ASSIGNMENT >> What's needed is a word-for-word retyping of the entries below, pictures omitted.

DATA EXTRACT >>
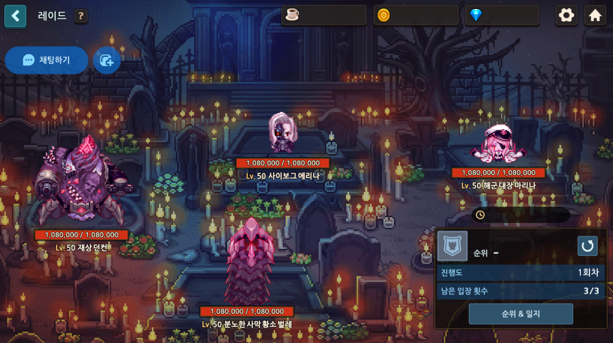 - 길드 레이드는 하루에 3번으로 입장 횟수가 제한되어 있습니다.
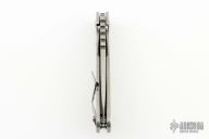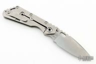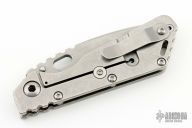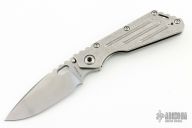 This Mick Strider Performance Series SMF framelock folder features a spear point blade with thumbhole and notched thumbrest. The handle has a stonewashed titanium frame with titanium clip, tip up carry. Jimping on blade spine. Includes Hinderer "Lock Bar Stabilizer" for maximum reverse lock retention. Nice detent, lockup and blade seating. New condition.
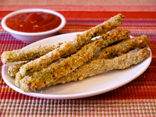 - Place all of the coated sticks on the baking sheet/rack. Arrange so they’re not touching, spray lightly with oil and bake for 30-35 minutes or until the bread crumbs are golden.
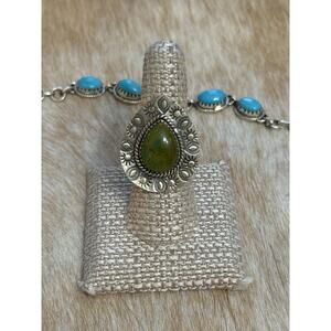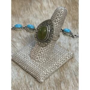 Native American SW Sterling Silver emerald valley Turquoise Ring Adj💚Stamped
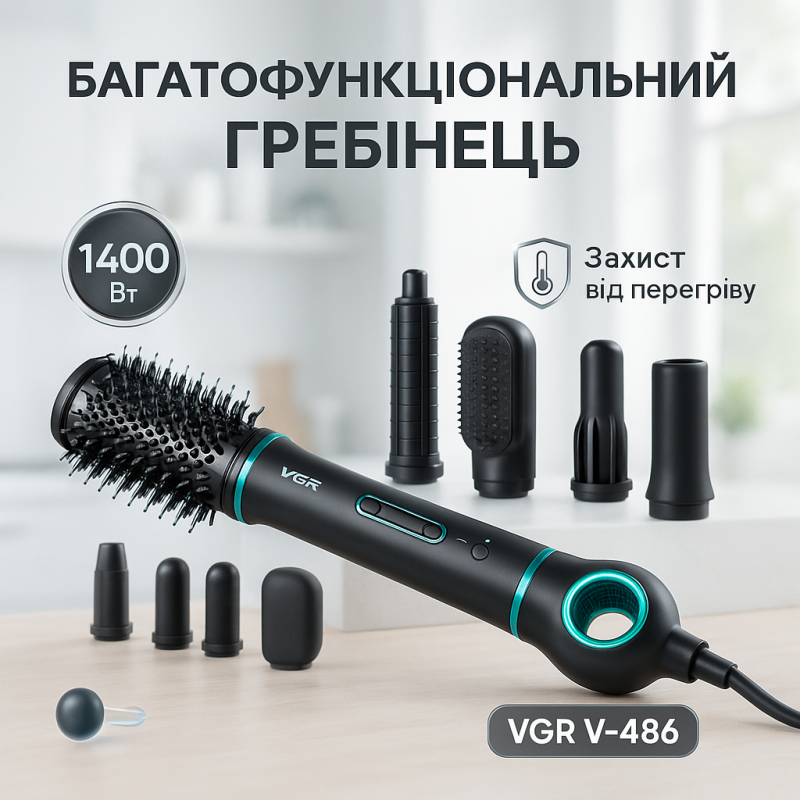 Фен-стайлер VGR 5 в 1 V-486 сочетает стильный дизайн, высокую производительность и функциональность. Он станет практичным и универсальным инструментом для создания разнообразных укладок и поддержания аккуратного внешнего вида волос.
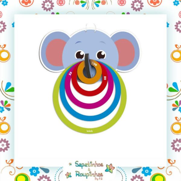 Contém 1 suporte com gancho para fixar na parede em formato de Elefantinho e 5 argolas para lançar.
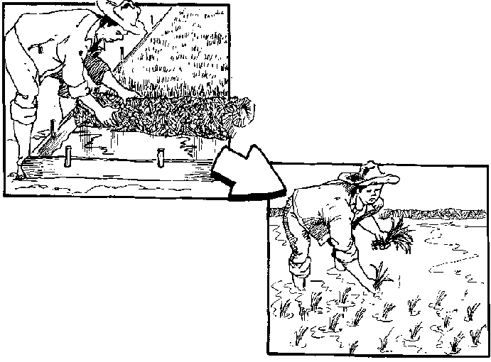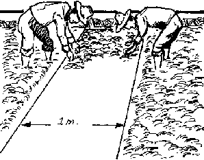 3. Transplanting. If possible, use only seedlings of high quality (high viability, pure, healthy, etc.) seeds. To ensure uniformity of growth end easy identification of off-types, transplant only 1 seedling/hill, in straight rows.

OUTPUT BELOW >>
 - 길드 레이드는 하루에 3번으로 입장 횟수가 제한되어 있습니다.
 This Mick Strider Performance Series SMF framelock folder features a spear point blade with thumbhole and notched thumbrest. The handle has a stonewashed titanium frame with titanium clip, tip up carry. Jimping on blade spine. Includes Hinderer "Lock Bar Stabilizer" for maximum reverse lock retention. Nice detent, lockup and blade seating. New condition.
 - Place all of the coated sticks on the baking sheet/rack. Arrange so they’re not touching, spray lightly with oil and bake for 30-35 minutes or until the bread crumbs are golden.
 Native American SW Sterling Silver emerald valley Turquoise Ring Adj💚Stamped
 Фен-стайлер VGR 5 в 1 V-486 сочетает стильный дизайн, высокую производительность и функциональность. Он станет практичным и универсальным инструментом для создания разнообразных укладок и поддержания аккуратного внешнего вида волос.
 Contém 1 suporte com gancho para fixar na parede em formato de Elefantinho e 5 argolas para lançar.
 3. Transplanting. If possible, use only seedlings of high quality (high viability, pure, healthy, etc.) seeds. To ensure uniformity of growth end easy identification of off-types, transplant only 1 seedling/hill, in straight rows.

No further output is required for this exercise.